Casio Computer Earnings: Rich Dividends Support Shares Amid Weak Fundamentals
We lower Casio Computer’s 6952 fair value estimate to JPY 1,500 from JPY 1,650, as we believe Casio’s fundamentals will take longer than expected to recover. In fiscal 2022 (ending March 2023), the music instrument business posted an operating loss for the first time in four years, due to the economic slowdown and soaring raw material prices, and sales of the system equipment business were also sluggish. In addition, the operating margin of Casio’s mainstay timepieces segment fell to 15.0% from 18.3% in fiscal 2021, due to the slowing sales in Japan and China, where profitability has been relatively high. As we believe the challenging environment will continue throughout this year, we have lowered our operating margin forecasts for fiscal 2023 and 2024 to 6.8% and 9.0% from 9.7% and 10.2%, respectively. Although Casio’s shares lack near-term catalysts, we believe the downside is limited, supported by the dividend yield of 3.6%, which is the highest in its historical range.

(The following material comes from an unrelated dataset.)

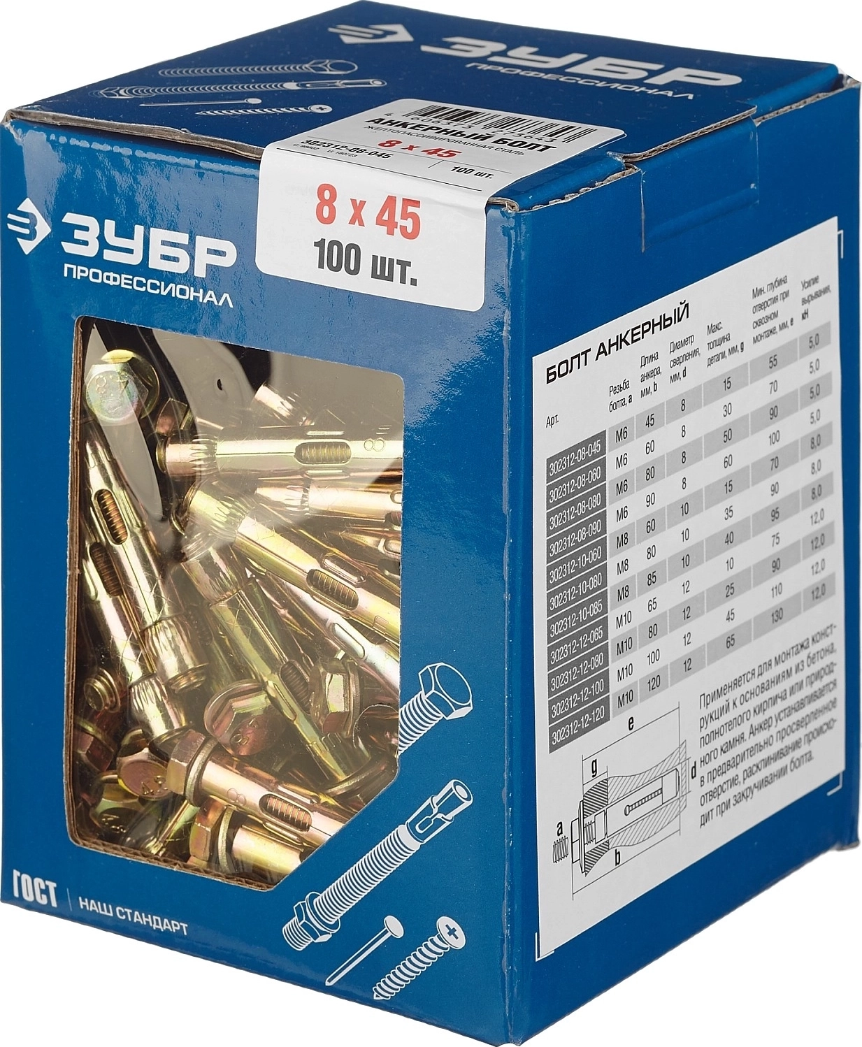 Анкерный болт ЗУБР 8 х 45 мм 100 шт

Yuichi Masuda became Casio’s new president in April. Although this is the first time a nonfounder family member has become a president, Masuda has a proven track record of establishing G-Shock as a global business. While the previous president made some progress in divesting or restructuring unprofitable businesses, expanding sales of new businesses and restoring profit margins in the watch business will be the challenges for the new president. Although Casio has tried to collaborate with partner companies to develop businesses, the company has not been successful in monetizing them. Looking ahead, Casio will need to be more disciplined in project management. For the watch business, we believe that Casio will focus on improving the brand image of G-Shock in order to raise the average pricing, so that the company can maintain the operating margin for the business in the mid to high teens amid intense competition.